Tuesday 9 October 2012

on being a godmother


You know, I'm not really sappy. I mean, sure, I pull out a tearjerker every now and then - ask my friends -, but I'm not one to host the International Festival of Cheesiness or anything. However, when this little 6 pound warm ball of hair, mush, butterflies and candy came into this world, every day with her makes these darn feelings stir up inside of me. From the moment her little button nose and wide eyes stared right into my soul, I knew I was a goner...in the best possible way.
With M. being a January baby, I learned I was going to be her godmama on the previous Christmas. You could say it was my Christmas present, but it was so much more. It was my chance to be a role model in this observant, exhilarating, excited, fun and quirky little cupcake's life, but also have a place in her journey through it all. I think there are few things - if any - that top the feeling I get when I hear her yell my name, hug me real tight, sit on my lap during meals (we're still working on realizing when it's lunch time and play time), ask me to play with her one hundred and five toys, ask me to take her to the potty just so we can chat or even embrace awkwardness at the park when she shamelessly points at the grass and mildly screams that that's where dogs go potty. We like entertaining crowds, people.

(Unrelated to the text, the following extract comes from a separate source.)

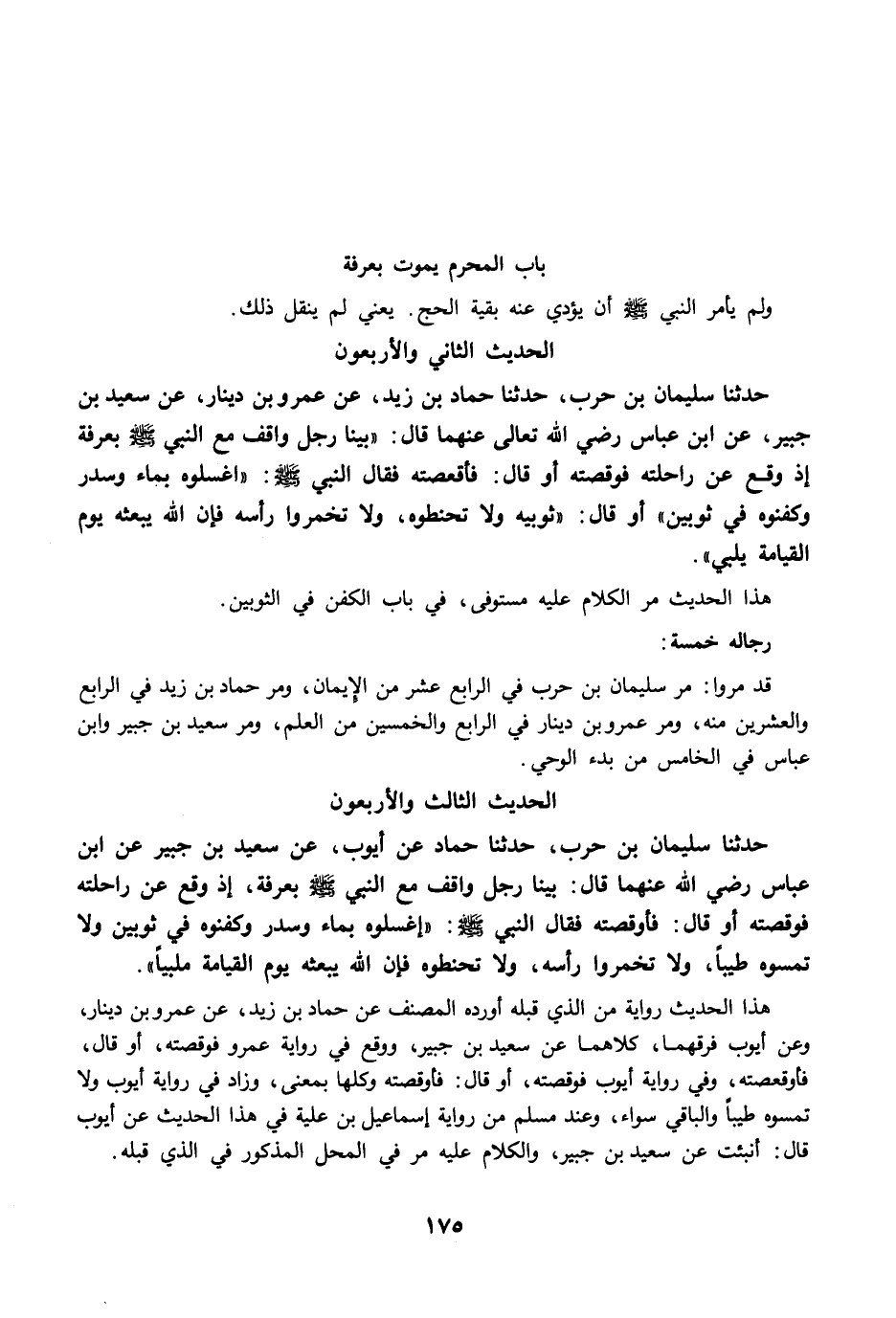 حَدَّثَنَا سُلَيْمَانُ بْنُ حَرْبٍ، حَدَّثَنَا حَمَّادُ بْنُ زَيْدٍ، عَنْ عَمْرِو بْنِ دِينَارٍ، عَنْ سَعِيدِ بْنِ جُبَيْرٍ، عَنِ ابْنِ عَبَّاسٍ رضي الله عنهما قَالَ: "بَيْنَا رَجُلٌ وَاقِفٌ مَعَ النَّبِيِّ -صلى الله عليه وسلم- بِعَرَفَةَ إِذْ وَقَعَ عَنْ رَاحِلَتِهِ، فَوَقَصَتْهُ أَوْ قَالَ: فَأَقْعَصَتْهُ فَقَالَ النَّبِيُّ -صلى الله عليه وسلم-: "اغْسِلُوهُ بِمَاءٍ وَسِدْرٍ، وَكَفِّنُوهُ فِي ثَوْبَيْنِ" أَوْ قَالَ: "ثَوْبَيْهِ وَلاَ تُحَنِّطُوهُ، وَلاَ تُخَمِّرُوا رَأْسَهُ، فَإِنَّ اللَّهَ يَبْعَثُهُ يَوْمَ الْقِيَامَةِ يُلَبِّي".

It's a hard job if you think about it. Helping raise a child and making sure she has all the right foundations and values to serve her through life is key and sometimes challenging, but it's the best part of being human. It's what makes life worthwhile. It's that moment when you can see in their eyes that they're happy and that they love you.
Now you're all saying, "you lied. You're full of cheese and mush inside of you" ... to which I angrily stump my feet and say, "darn right I am. And with her, I'd be a walking ball of cheese if I had to." Um. Okay. That may have come out wrong.